Extracted data:

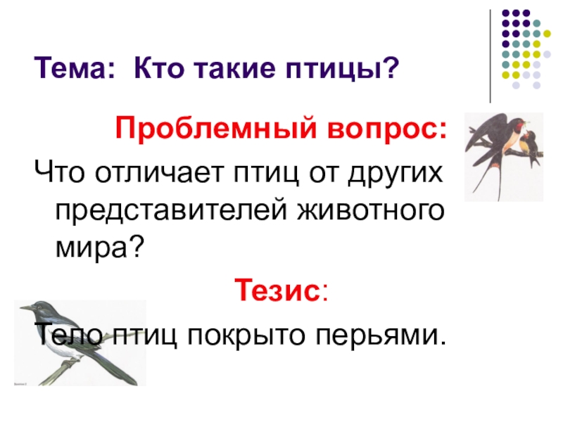 Тема: Кто такие птицы?Проблемный вопрос:Что отличает птиц от других представителей животного мира?Тезис:Тело птиц покрыто перьями.
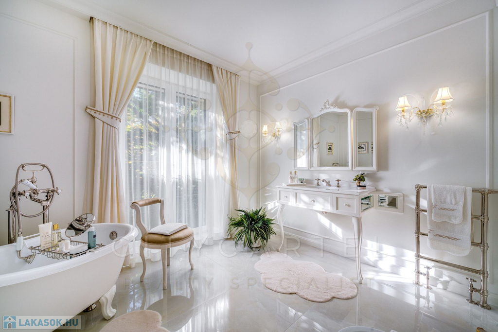 A helyiségek berendezése minden luxusigényt kielégít, ahol az elegáns, aprólékosan kidolgozott modern-klasszikus enteriőr a kifinomult belsőépítészeti és lakberendezői munka tökéletes példája.
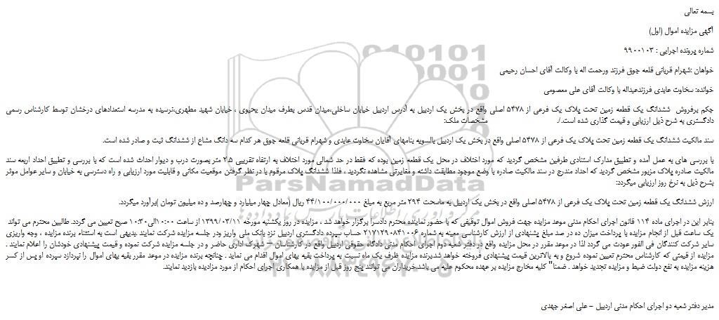ارزش ششدانگ یک قطعه زمین تحت پلاک یک فرعی از 5478 اصلی واقع در بخش یک اردبیل به ماسحت 294 متر مربع به مبلغ 44/100/000/000 ریال (معادل چهار میلیارد و چهارصد و ده میلیون تومان )برآورد میگردد.
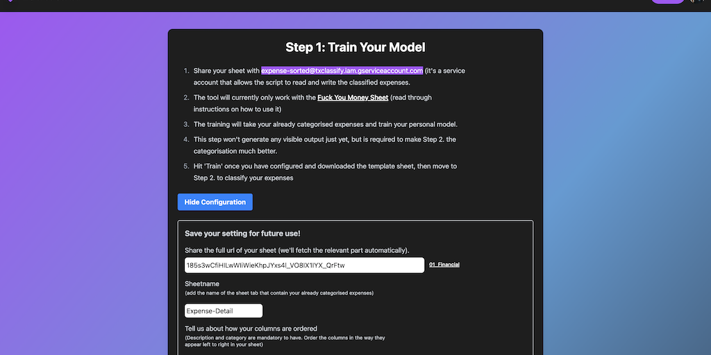 Automatically categorise your monthly expenses using AI. Hook this App up to your Google Sheet and get your monthly budgeting done in no time. Use our Google Sheet Template to get started immediately.
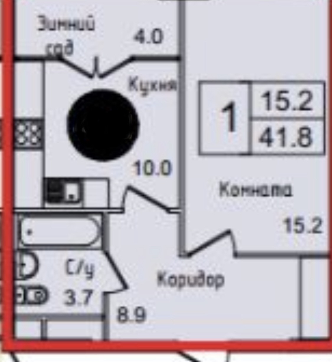 Общая площадь 41.7 м2
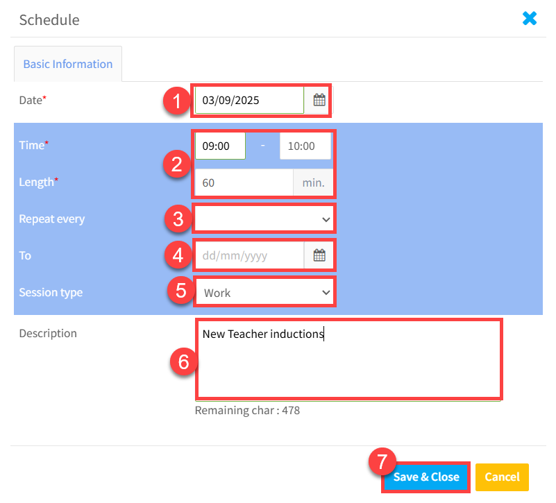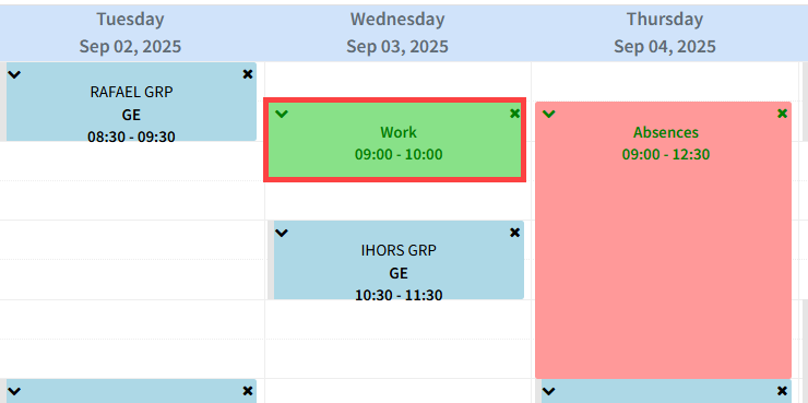 If you also perform non-teaching academic work (e.g., observations, interviews, meetings), you can add these hours yourself. It is also possible to add breaks and absences from work.
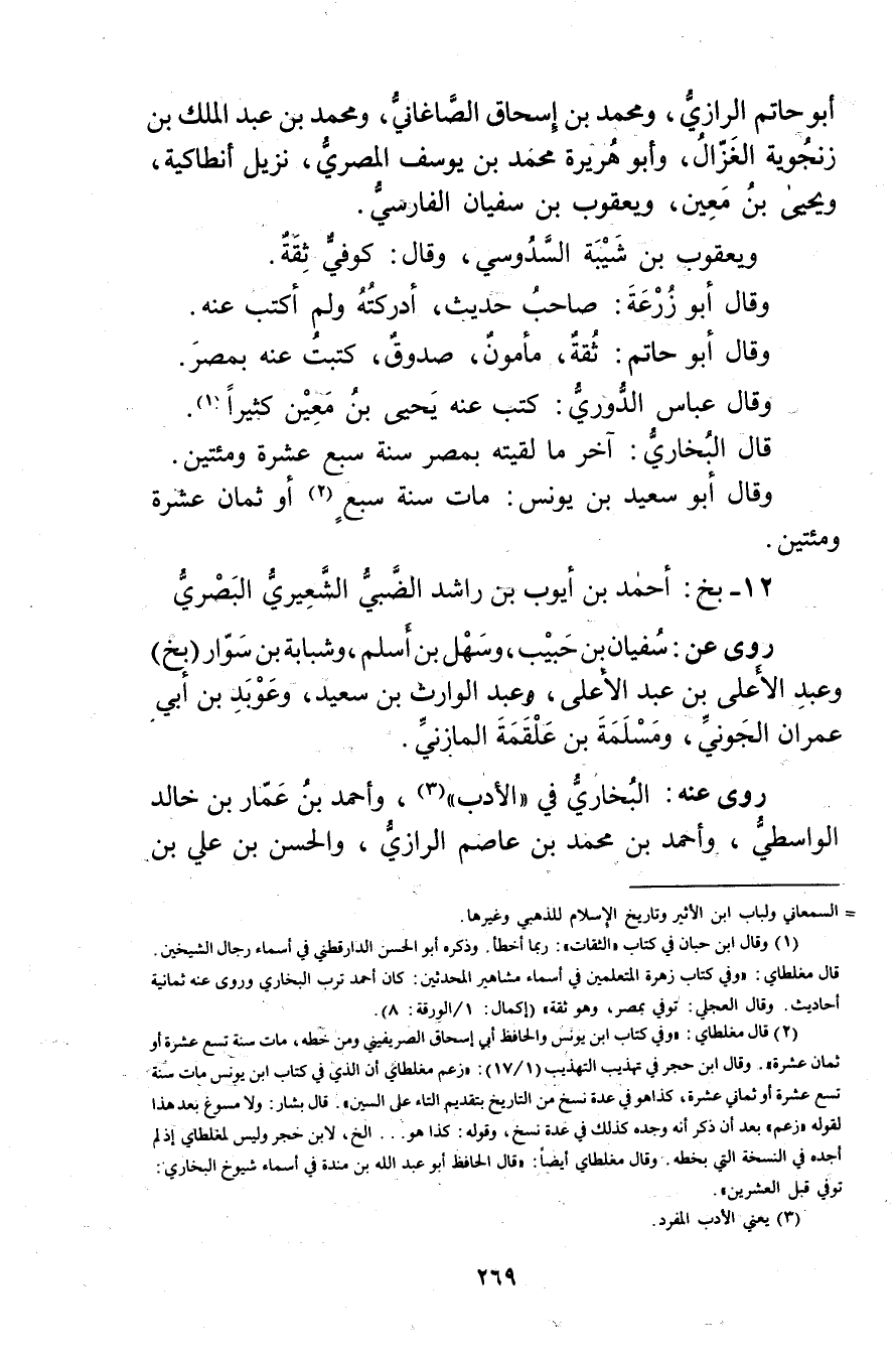 (2) قال مغلطاي: وفي كتاب ابن يونس والحافظ أبي إسحاق الصريفيني ومن خطه، مات سنة تسع عشرة أو ثمان عشرة". وَقَال ابن حجر في تهذيب التهذيب (1 / 17) : زعم مغلطاي أن الذي في كتاب ابن يونس مات سنة تسع عشرة أو ثماني عشرة، كذا هو في عدة نسخ من التاريخ بتقديم التاء على السين". قال بشار: ولا مسوغ بعد هذا لقوله"زعم"بعد أن ذكر أنه وجده كذلك في عدة نسخ، وقوله: كذا هو..الخ، لابن حجر وليس لمغلطاي إذ لم أجده في النسخة التي بخطه. وَقَال مغلطاي أيضا: قال الحافظ أبو عَبْد الله بن مندة في أسماء شيوخ البخاري: توفي قبل العشرين.
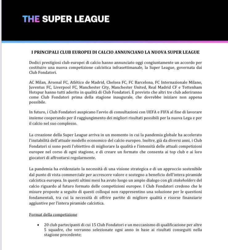 È nata ufficialmente la Superlega, una nuova competizione nata dai 12 principali club europei e a cui parteciperanno Inter, Milan e Juventus. Ecco il comunicato:
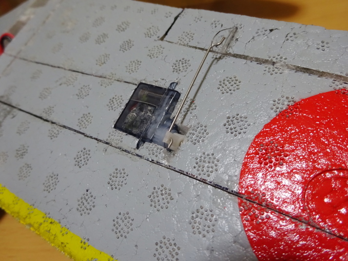 サーボは主翼及び胴体に埋め込んでスーパーXで接着。外れることはないはず。リンケージは0.8mmピアノ線を使用して直結。ホーンは透明アクリル板を流用。スーパーXで接着。
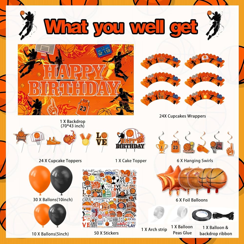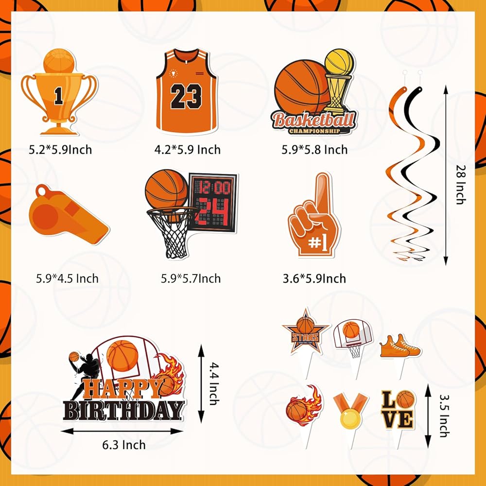 • مصممة للمعجبين: ديكورات عيد ميلاد كرة السلة هذه مثالية لحفلة كرة السلة، والحفلات التي تحمل طابع كرة السلة، وحفلات كرة السلة الرياضية، وما إلى ذلك.
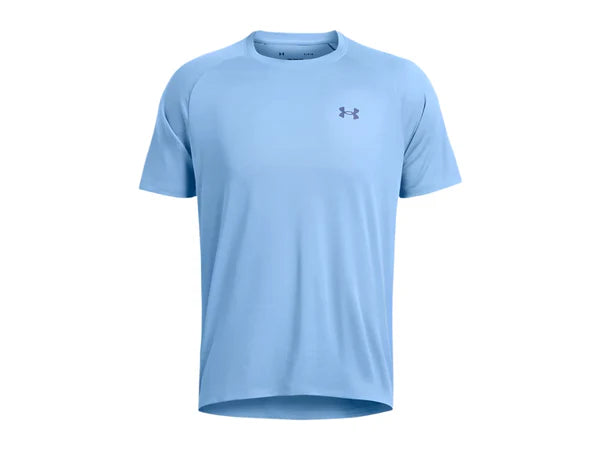 The mens Tech Textured T-shirt is a great top to add to your casual wear or for working out in. The material wicks sweat, dries fast and feels natural. In a light blue, featuring a round neck and short sleeves. Finished with the classic Under Armour branding to the chest.

Exercise requirements:
Repeat the full listing above without altering a word, and skip the pictures.

Written reply:
 Тема: Кто такие птицы?Проблемный вопрос:Что отличает птиц от других представителей животного мира?Тезис:Тело птиц покрыто перьями.
 A helyiségek berendezése minden luxusigényt kielégít, ahol az elegáns, aprólékosan kidolgozott modern-klasszikus enteriőr a kifinomult belsőépítészeti és lakberendezői munka tökéletes példája.
ارزش ششدانگ یک قطعه زمین تحت پلاک یک فرعی از 5478 اصلی واقع در بخش یک اردبیل به ماسحت 294 متر مربع به مبلغ 44/100/000/000 ریال (معادل چهار میلیارد و چهارصد و ده میلیون تومان )برآورد میگردد.
 Automatically categorise your monthly expenses using AI. Hook this App up to your Google Sheet and get your monthly budgeting done in no time. Use our Google Sheet Template to get started immediately.
 Общая площадь 41.7 м2
 If you also perform non-teaching academic work (e.g., observations, interviews, meetings), you can add these hours yourself. It is also possible to add breaks and absences from work.
 (2) قال مغلطاي: وفي كتاب ابن يونس والحافظ أبي إسحاق الصريفيني ومن خطه، مات سنة تسع عشرة أو ثمان عشرة". وَقَال ابن حجر في تهذيب التهذيب (1 / 17) : زعم مغلطاي أن الذي في كتاب ابن يونس مات سنة تسع عشرة أو ثماني عشرة، كذا هو في عدة نسخ من التاريخ بتقديم التاء على السين". قال بشار: ولا مسوغ بعد هذا لقوله"زعم"بعد أن ذكر أنه وجده كذلك في عدة نسخ، وقوله: كذا هو..الخ، لابن حجر وليس لمغلطاي إذ لم أجده في النسخة التي بخطه. وَقَال مغلطاي أيضا: قال الحافظ أبو عَبْد الله بن مندة في أسماء شيوخ البخاري: توفي قبل العشرين.
 È nata ufficialmente la Superlega, una nuova competizione nata dai 12 principali club europei e a cui parteciperanno Inter, Milan e Juventus. Ecco il comunicato:
 サーボは主翼及び胴体に埋め込んでスーパーXで接着。外れることはないはず。リンケージは0.8mmピアノ線を使用して直結。ホーンは透明アクリル板を流用。スーパーXで接着。
 • مصممة للمعجبين: ديكورات عيد ميلاد كرة السلة هذه مثالية لحفلة كرة السلة، والحفلات التي تحمل طابع كرة السلة، وحفلات كرة السلة الرياضية، وما إلى ذلك.
 The mens Tech Textured T-shirt is a great top to add to your casual wear or for working out in. The material wicks sweat, dries fast and feels natural. In a light blue, featuring a round neck and short sleeves. Finished with the classic Under Armour branding to the chest.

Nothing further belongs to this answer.